We have a background job that imports user's emails into our system and stores them in a postgres database table.
Below is the table:
CREATE TABLE emails
(
id serial NOT NULL,
subject text,
body text,
personal boolean,
sent_at timestamp without time zone NOT NULL,
created_at timestamp without time zone,
updated_at timestamp without time zone,
account_id integer NOT NULL,
sender_user_id integer,
sender_contact_id integer,
html text,
folder text,
draft boolean DEFAULT false,
check_for_response timestamp without time zone,
send_time timestamp without time zone,
CONSTRAINT emails_pkey PRIMARY KEY (id),
CONSTRAINT emails_account_id_fkey FOREIGN KEY (account_id)
REFERENCES accounts (id) MATCH SIMPLE
ON UPDATE NO ACTION ON DELETE CASCADE,
CONSTRAINT emails_sender_contact_id_fkey FOREIGN KEY (sender_contact_id)

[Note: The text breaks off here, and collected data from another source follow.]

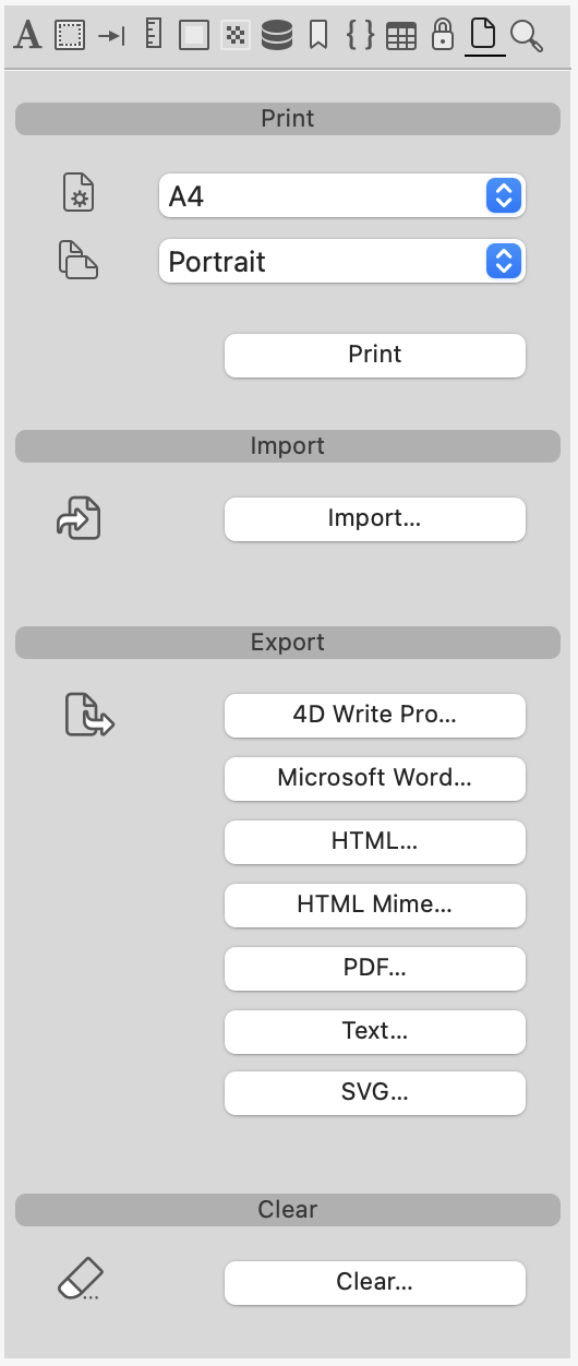 • botões Exportar: permite exportar o conteúdo da área 4D Write Pro em vários formatos.
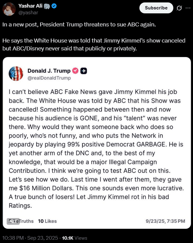 Trump wants to sue ABC for not cancelling Jimmy Kimmel. He is calling it an “Illegal Campaign Contribution” to have him on the air as he is an arm of the DNC.
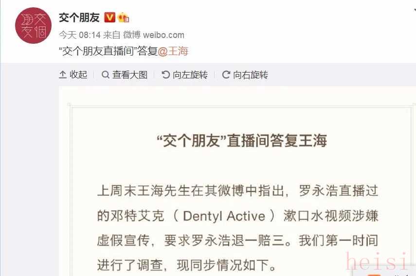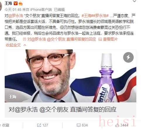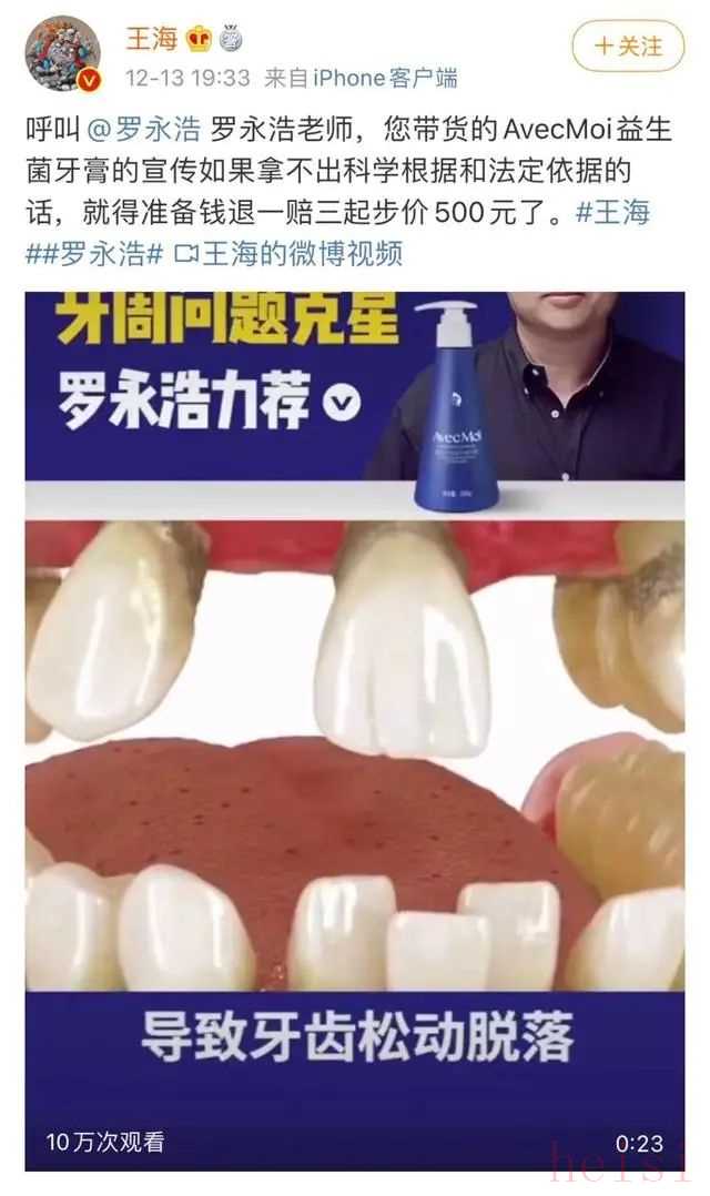 在微博中,王海还喊话罗永浩,称“漱口水的效果用洗牙视频来表现,涉嫌虚假宣传得准备钱,退一赔三起步价500元了”。
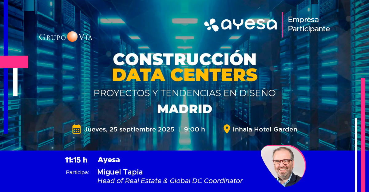 Ayesa participa en la jornada y será nuestro Head of Real Estate & Global DC Coordinator, Miguel Tapia, el encargado de representarnos tanto en la exposición de nuestra oferta, como en el posterior debate. Tendrá lugar a las 11:15 h.
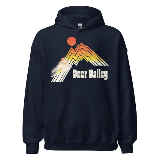 Retro Deer Valley Utah Downhill Skiing Hoodie
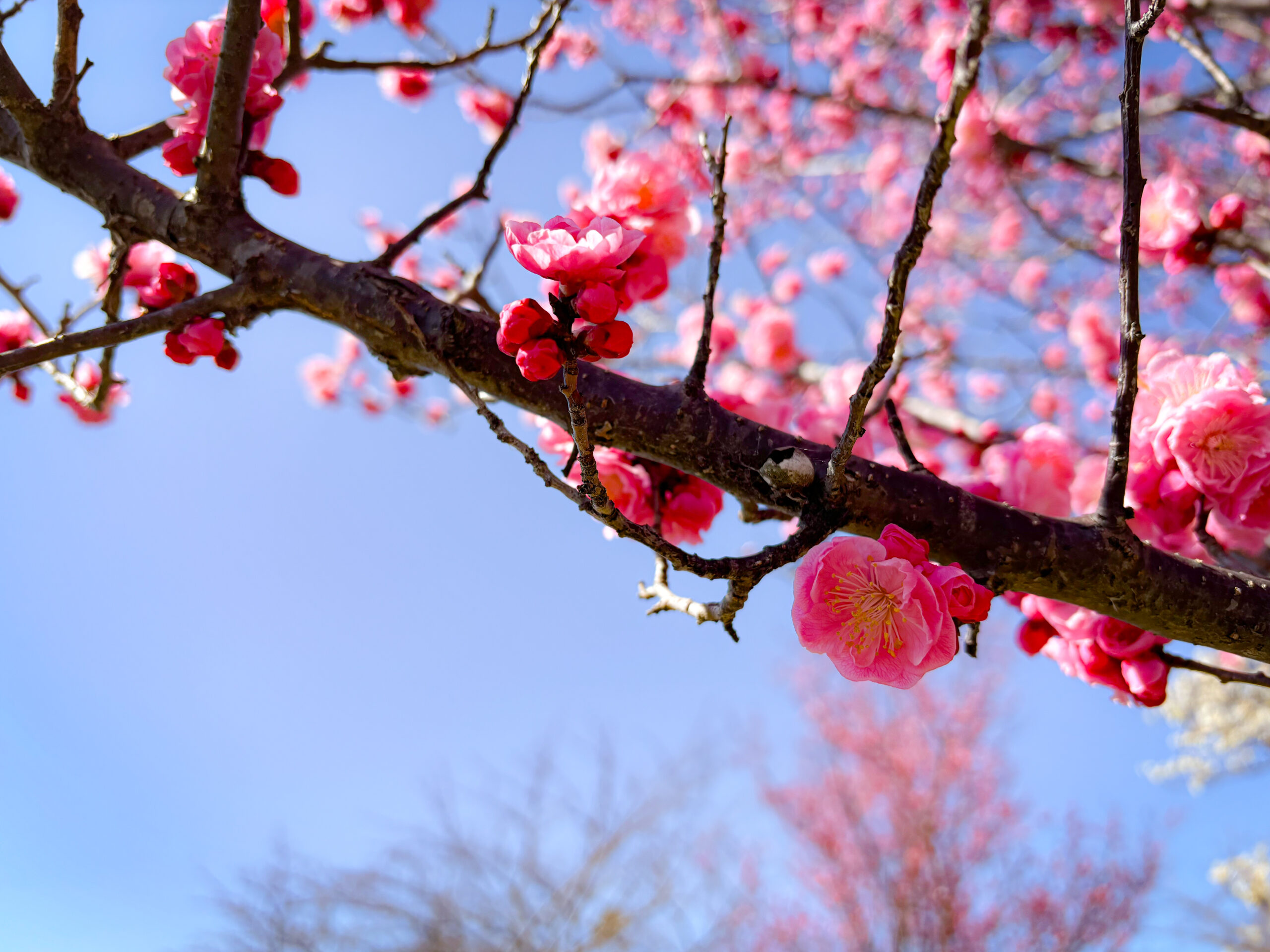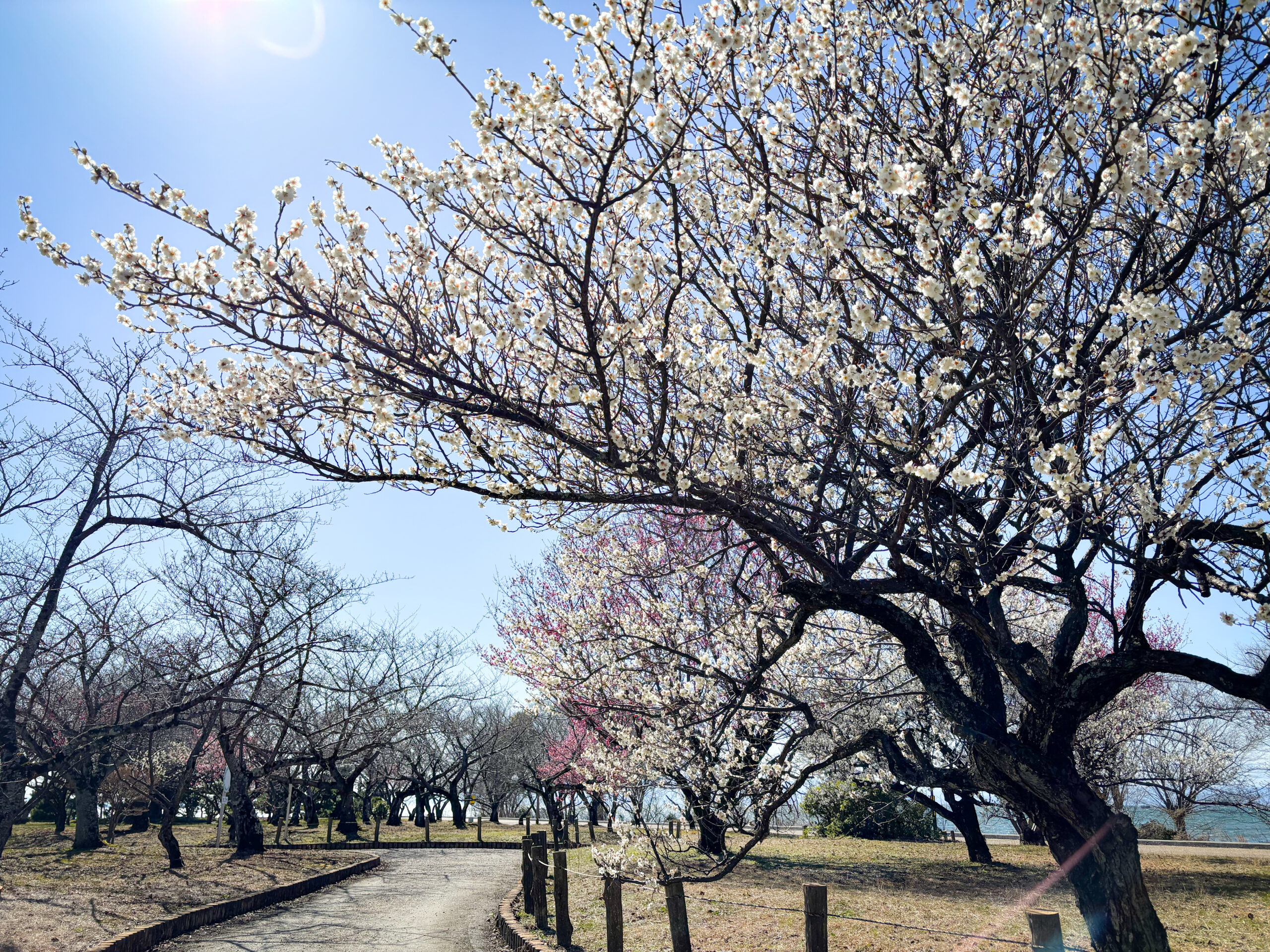 まず訪れたいのは、長浜市にある豊公園です。公園内の遊歩道をゆっくりと歩いていくと、視界が少しずつ開け、やがて目の前に琵琶湖が広がります。春の訪れを感じるこの時期は、梅の花がほころび始め、ほのかな甘い香りが風に乗って漂ってきます。足元にはやわらかな日差し、頬に触れるのはまだ少し冷たい空気。そのコントラストが季節の移ろいをやさしく教えてくれます。蕾もたくさんあり、これから満開を迎える梅をまだまだ楽しめます。
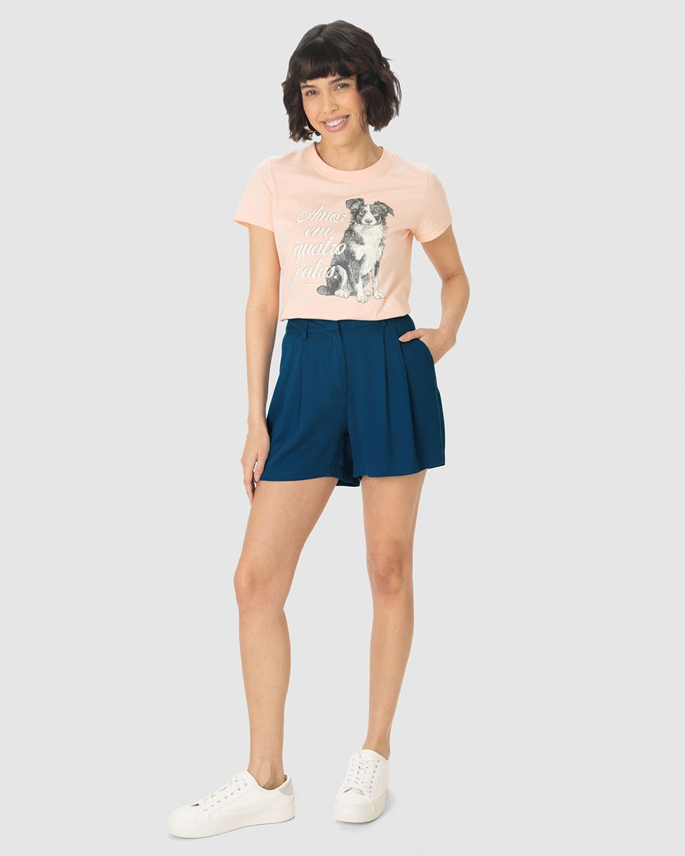 Shorts Alfaiataria Feminino Pregas Frontais Em Viscose Sarjada

REFERENCES contacts (id) MATCH SIMPLE
ON UPDATE NO ACTION ON DELETE CASCADE
)
WITH (
OIDS=FALSE
);
ALTER TABLE emails
OWNER TO paulcowan;
-- Index: emails_account_id_index
-- DROP INDEX emails_account_id_index;
CREATE INDEX emails_account_id_index
ON emails
USING btree
(account_id);
-- Index: emails_sender_contact_id_index
-- DROP INDEX emails_sender_contact_id_index;
CREATE INDEX emails_sender_contact_id_index
ON emails
USING btree
(sender_contact_id);
-- Index: emails_sender_user_id_index
-- DROP INDEX emails_sender_user_id_index;
CREATE INDEX emails_sender_user_id_index
ON emails
USING btree
(sender_user_id);
The query is further complicated because I have a view on this table where I pull in other data:
CREATE OR REPLACE VIEW email_graphs AS
SELECT emails.id, emails.subject, emails.body, emails.folder, emails.html,
emails.personal, emails.draft, emails.created_at, emails.updated_at,
emails.sent_at, emails.sender_contact_id, emails.sender_user_id,
emails.addresses, emails.read_by, emails.check_for_response,
emails.send_time, ts.ids AS todo_ids, cs.ids AS call_ids,
ds.ids AS deal_ids, ms.ids AS meeting_ids, c.comments, p.people,
atts.ids AS attachment_ids
FROM emails
LEFT JOIN ( SELECT todos.reference_email_id AS email_id,
array_to_json(array_agg(todos.id)) AS ids
FROM todos
GROUP BY todos.reference_email_id) ts ON ts.email_id = emails.id
LEFT JOIN ( SELECT calls.reference_email_id AS email_id,
array_to_json(array_agg(calls.id)) AS ids
FROM calls
GROUP BY calls.reference_email_id) cs ON cs.email_id = emails.id
LEFT JOIN ( SELECT deals.reference_email_id AS email_id,
array_to_json(array_agg(deals.id)) AS ids
FROM deals
GROUP BY deals.reference_email_id) ds ON ds.email_id = emails.id
LEFT JOIN ( SELECT meetings.reference_email_id AS email_id,
array_to_json(array_agg(meetings.id)) AS ids
FROM meetings
GROUP BY meetings.reference_email_id) ms ON ms.email_id = emails.id
LEFT JOIN ( SELECT comments.email_id,
array_to_json(array_agg(( SELECT row_to_json(r.*) AS row_to_json
FROM ( VALUES (comments.id,comments.text,comments.author_id,comments.created_at,comments.updated_at)) r(id, text, author_id, created_at, updated_at)))) AS comments
FROM comments
WHERE comments.email_id IS NOT NULL
GROUP BY comments.email_id) c ON c.email_id = emails.id
LEFT JOIN ( SELECT email_participants.email_id,
array_to_json(array_agg(( SELECT row_to_json(r.*) AS row_to_json
FROM ( VALUES (email_participants.user_id,email_participants.contact_id,email_participants.kind)) r(user_id, contact_id, kind)))) AS people
FROM email_participants
GROUP BY email_participants.email_id) p ON p.email_id = emails.id
LEFT JOIN ( SELECT attachments.reference_email_id AS email_id,
array_to_json(array_agg(attachments.id)) AS ids
FROM attachments
GROUP BY attachments.reference_email_id) atts ON atts.email_id = emails.id;
ALTER TABLE email_graphs
OWNER TO paulcowan;
We then run paginated queries against this view e.g.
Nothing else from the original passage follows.